*Supplied data*:
·····

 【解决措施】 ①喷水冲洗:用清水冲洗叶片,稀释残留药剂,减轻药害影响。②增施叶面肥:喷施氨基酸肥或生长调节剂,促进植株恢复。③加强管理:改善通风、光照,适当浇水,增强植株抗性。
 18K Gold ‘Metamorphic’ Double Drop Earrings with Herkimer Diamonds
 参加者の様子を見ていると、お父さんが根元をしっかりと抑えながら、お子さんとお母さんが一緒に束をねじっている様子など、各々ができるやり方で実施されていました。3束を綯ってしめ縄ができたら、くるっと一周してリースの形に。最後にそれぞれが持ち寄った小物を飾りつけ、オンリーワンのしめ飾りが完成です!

·····

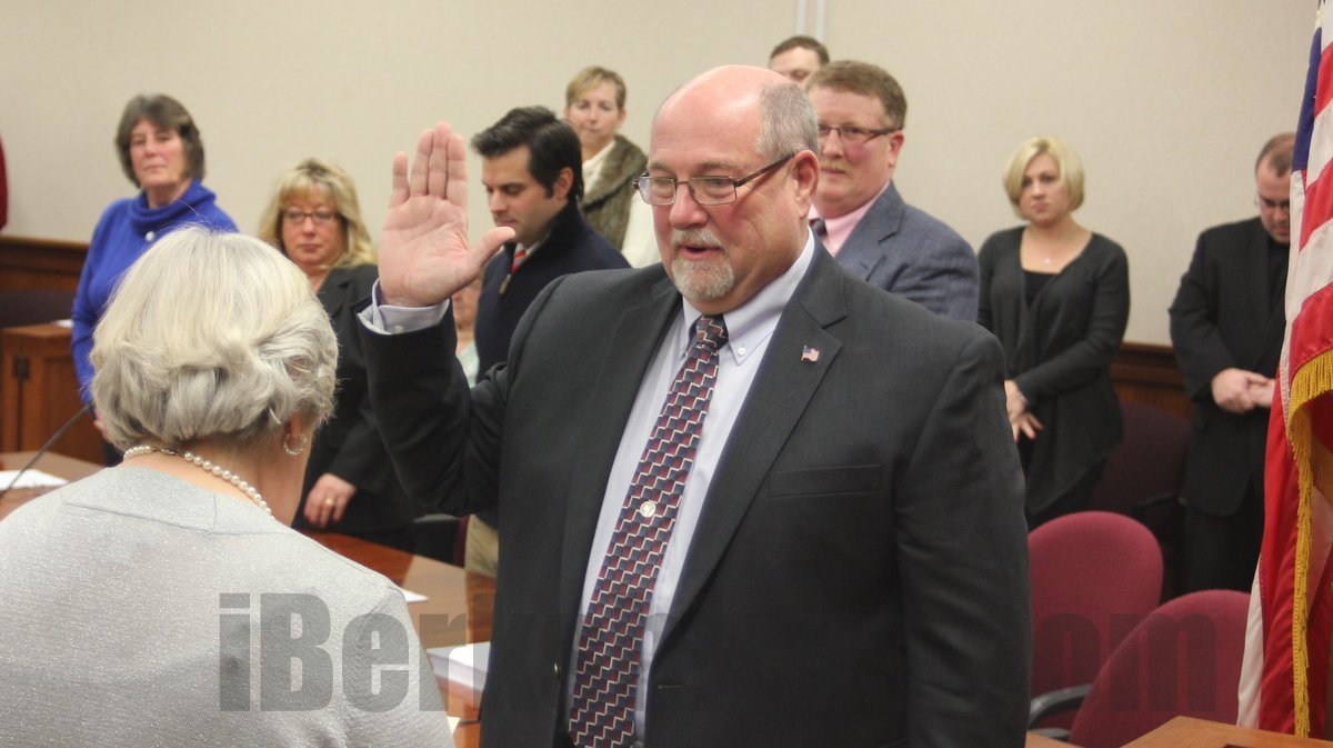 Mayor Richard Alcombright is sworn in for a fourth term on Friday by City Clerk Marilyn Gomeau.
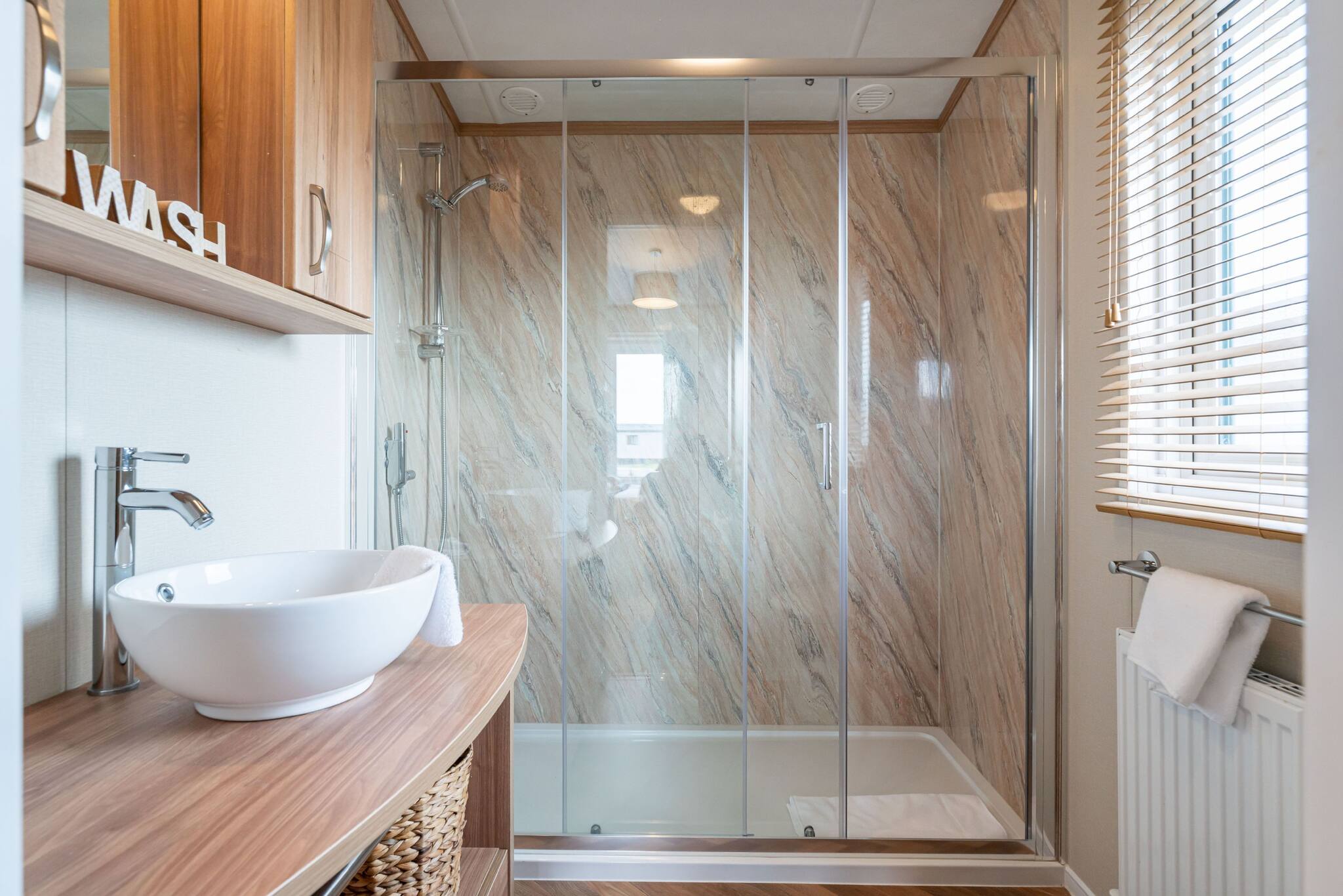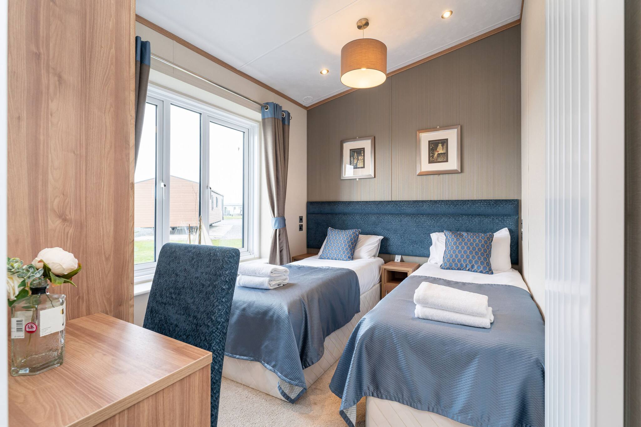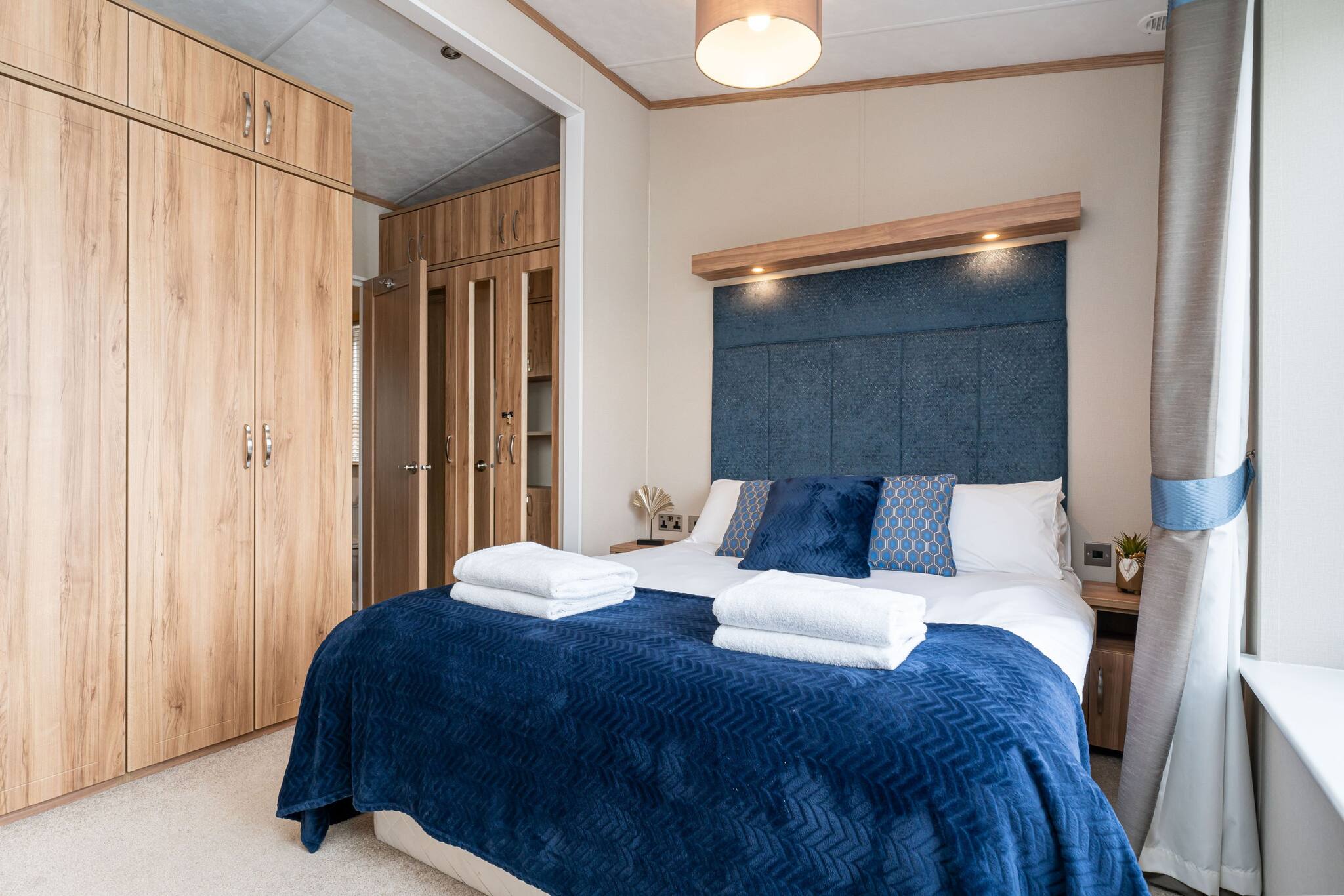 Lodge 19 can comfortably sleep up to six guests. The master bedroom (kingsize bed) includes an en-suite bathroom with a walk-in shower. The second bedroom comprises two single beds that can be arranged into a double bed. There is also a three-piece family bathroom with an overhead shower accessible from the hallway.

·····

*Directions*:
Copy word for word the stretch of entries above from the line that has "18K Gold ‘Metamorphic’" through the line that has "参加者の様子を見ていると、お", both ends included, and nothing outside it.

*Task solution*:
 18K Gold ‘Metamorphic’ Double Drop Earrings with Herkimer Diamonds
 参加者の様子を見ていると、お父さんが根元をしっかりと抑えながら、お子さんとお母さんが一緒に束をねじっている様子など、各々ができるやり方で実施されていました。3束を綯ってしめ縄ができたら、くるっと一周してリースの形に。最後にそれぞれが持ち寄った小物を飾りつけ、オンリーワンのしめ飾りが完成です!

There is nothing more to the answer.